Includes bibliographical references.
This thesis has explored a new idea: viewing standards as interdependent artifacts and studying them with network analysis tools. Using the set of Internet standards as an example, the research of this thesis includes the citation network, the author affiliation network, and the co-author network of the Internet standards over the period of 1989 to 2004. The major network analysis tools used include cohesive subgroup decomposition (the algorithm by Newman and Girvan is used), regular equivalence class decomposition (the REGE algorithm and the method developed in this thesis is used), nodal prestige and acquaintance (both calculated from Kleinberg's technique), and some social network analysis tools. Qualitative analyses of the historical and technical context of the standards as well as statistical analyses of various kinds are also used in this research. A major finding of this thesis is that for the understanding of the Internet, it is beneficial to consider its standards as interdependent artifacts. Because the basic mission of the Internet (i.e. to be an interoperable system that enables various services and applications) is enabled, not by one or a few, but by a great number of standards developed upon each other, to study the standards only as stand-alone specifications cannot really produce meaningful understandings about a workable system. Therefore, the general approaches and methodologies introduced in this thesis which we label a systems approach is a necessary addition to the existing approaches. A key finding of this thesis is that the citation network of the Internet standards can be decomposed into functionally coherent subgroups by using the Newman-Girvan algorithm.

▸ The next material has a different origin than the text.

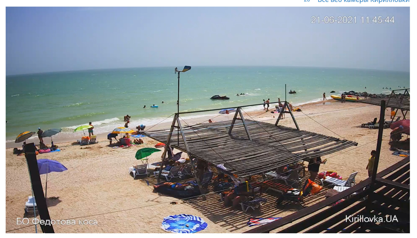 Веб-камеры, расположенные с видом на пляжи Кирилловки и окружающих курортных поселков, показывают ситуацию в режиме реального времени со звуком.

(cont.) This result shows that the (normative) citations among the standards can meaningfully be used to help us better manage and monitor the standards system. The results in this thesis indicate that organizing the developing efforts of the Internet standards into (now) 121 Working Groups was done in a manner reasonably consistent with achieving a modular (and thus more evolvable) standards system. A second decomposition of the standards network was achieved by employing the REGE algorithm together with a new method developed in this thesis (see the Appendix) for identifying regular equivalence classes. Five meaningful subgroups of the Internet standards were identified, and each of them occupies a specific position and plays a specific role in the network. The five positions are reflected in the names we have assigned to them: the Foundations, the Established, the Transients, the Newcomers, and the Stand-alones. The life cycle among these positions was uncovered and is one of the insights that the systems approach on this standard system gives relative to the evolution of the overall standards system. Another insight concerning evolution of the standard system is the development of a predictive model for promotion of standards to a new status (i.e. Proposed, Draft and Internet Standards as the three ascending statuses). This model also has practical potential to managers of standards setting organizations and to firms (and individuals) interested in efficiently participating in standards setting processes. The model prediction is based on assessing the implicit social influence of the standards (based upon the social network metric, betweenness centrality, of the standards' authors) and the apparent importance of the standard to the network (based upon calculating the standard's prestige from the citation network).
(cont.) A deeper understanding of the factors that go into this model was also developed through the analysis of the factors that can predict increased prestige over time for a standard. The overall systems approach and the tools developed and demonstrated in this thesis for the study of the Internet standards can be applied to other standards systems. Application (and extension) to the World Wide Web, electric power system, mobile communication, and others would we believe lead to important improvements in our practical and scholarly understanding of these systems.
by Mo-Han Hsieh.
Ph.D.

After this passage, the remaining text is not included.